There was no reply. “Emily?” she said again, screwing her eyes more tightly shut than ever. This time a voice came, barely discernible, making whisperings that she could only gradually begin to recognize, rather desperate, pleading, frightened whisperings.
“Ag . . .” she heard, then “Ag . . . Aggie. Are you awake? Aggie, Aggie, Aggie! Wake up, Aggie.”
Charlotte was digging herself into the bed, rigid all over, clutching sheets and blankets. She could not, would not look.
“I’m not Aggie,” she was crying out, not knowing if aloud or in her head. “I’m not Aggie. Go away! I’m not her. I’m Clare, I’m Clare. No, I’m not, I’m Charlotte. I’m Charlotte, I’m Charlotte.” She was screaming it at last, again and again. “I’m Charlotte.”
The next thing she knew was Emily sitting up in bed, saying, “Clare, did you have a bad dream or something?”
“I think so,” Charlotte said, dazed and shivering, not knowing whether it had been a dream or not.
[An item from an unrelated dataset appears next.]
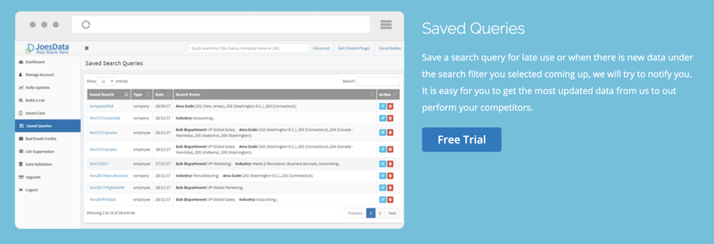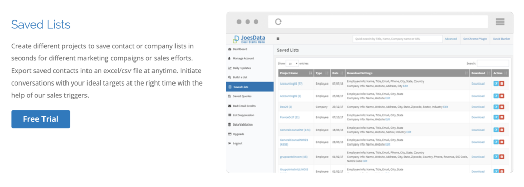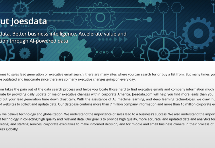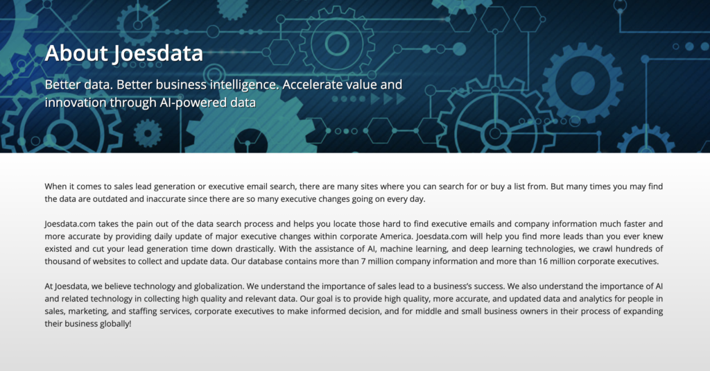 JoesData is data driven commercial website which allows users to get details of the companies and employees for better networking and lead generation.
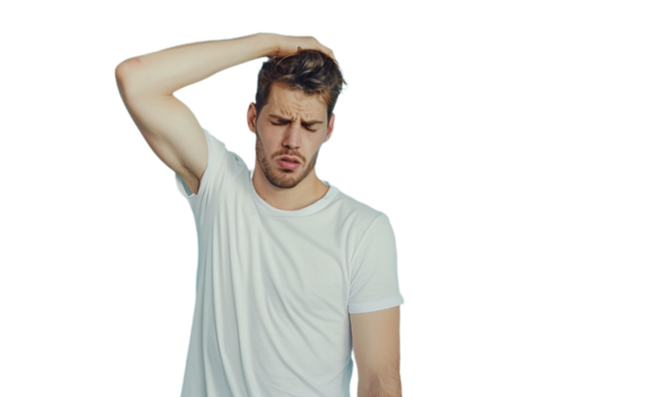 Young woman holding head feeling frustrated in transparent background

There came a knock on the door and Miss Agnes’s little whispering voice.
“Are you all right, dear? Are you all right?”
“I’m sorry. I just had a bad dream,” Charlotte explained. She was still shivering all over and did not stop shivering till she fell asleep again.
The next day was the séance. Charlotte wanted nothing to do with it now. She was thinking such terrible thoughts, growing more frightened even than she had been in the night, understanding or perhaps fearing more. “Suppose,” she thought, “suppose it wasn’t a dream I had? Suppose I did go back again in time and I was Miss Agnes for a little while, and it was really Arthur whispering? Suppose another time I changed with her properly like I changed with Clare? It was her room then, after all, the one we’re in, and maybe I’m sleeping in her bed. Suppose I grew up like Miss Agnes? Oh, no,” she thought, horrified. “Oh, no.”
She only half believed in it. So many things were different. She did not look like Miss Agnes, and she could not believe she would look like Miss Agnes when grown up. But she did not feel she could be sure of anything. The séance seemed the more dangerous because so unknown and unknowable. And yet eventually, almost inevitably, she let Emily persuade her to hide in the window bay. It was as if she could not help herself.